A moça não era Silas Malafaia e estou longe de ter a desenvoltura de Ricardo Boechat, mas esse tipo de vigilância é uma forma de violência que vem crescendo rápida e bizarramente.
Reconstruindo a conversa da melhor maneira possível:
– O senhor vai para o inferno, sabia?
– Opa? É comigo?
– Sim, sua alma vai para o inferno.
– Tá bom.
– Como assim “tá bom”?
– O inferno é beeeem melhor. Tem um monte de gente legal por lá.
– Pare de blasfemar! Pare de defender as abominações gays!
– A senhora acha que se uma inteligência superiora existir, vai estar se preocupando em quem dá para quem?
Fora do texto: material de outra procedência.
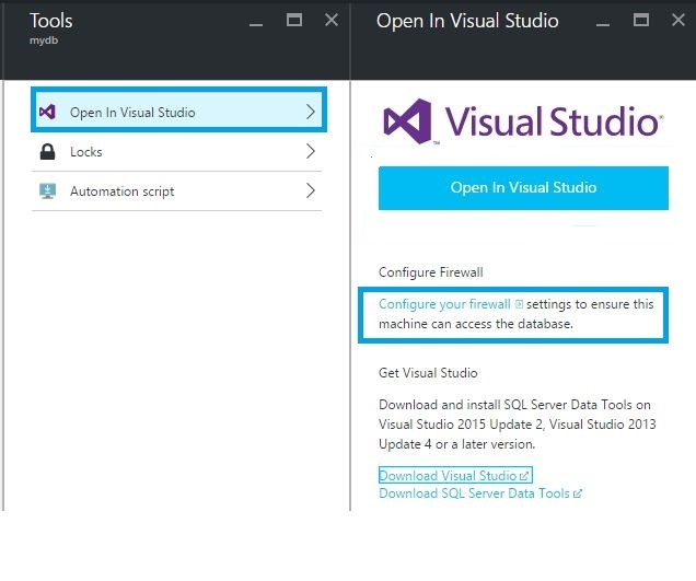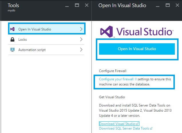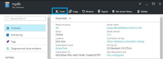 2. Open the existing database on Azure portal and click "Tools" button at the top of the database blade.

Tem outros buracos negros pelo universo, bem mais complexos, para ela se preocupar.
– Ela quem?
– Ela, ué, Deus.
– Como o senhor tem coragem de dizer que Deus é mulher?
– E a senhora, como tem coragem de dizer que Deus é homem? Se eu tivesse que desenhar Deus, ela seria mulher, trans e negra.
– O senhor não conhece as sagradas escrituras para dizer isso.
– Olha, nove anos frequentando escola adventista, tendo feito comunhão e crisma em igreja católica, ter sido até coroinha, sem contar a participação em grupos de jovens da igreja, me dão algum conhecimento sim.
– Isso não significa nada.
– Decerto. Mas posso citar alguns trechos da bíblia se preferir. Quer um pouco de Malaquias? Gosto muito de Malaquias. Principalmente a passagem sobre o desvio do dízimo (capítulo 3, versículo 9): “Com maldição serás amaldiçoados, porque a mim me roubais, vós, a nação toda”. E como vai o dízimo da sua igreja? Bem empregado no bem comum?
– A sua hora vai chegar.
– A de todos nós, por certo.
– O senhor acha que estamos brincando?
– O pior é que não acho. E esse é o problema.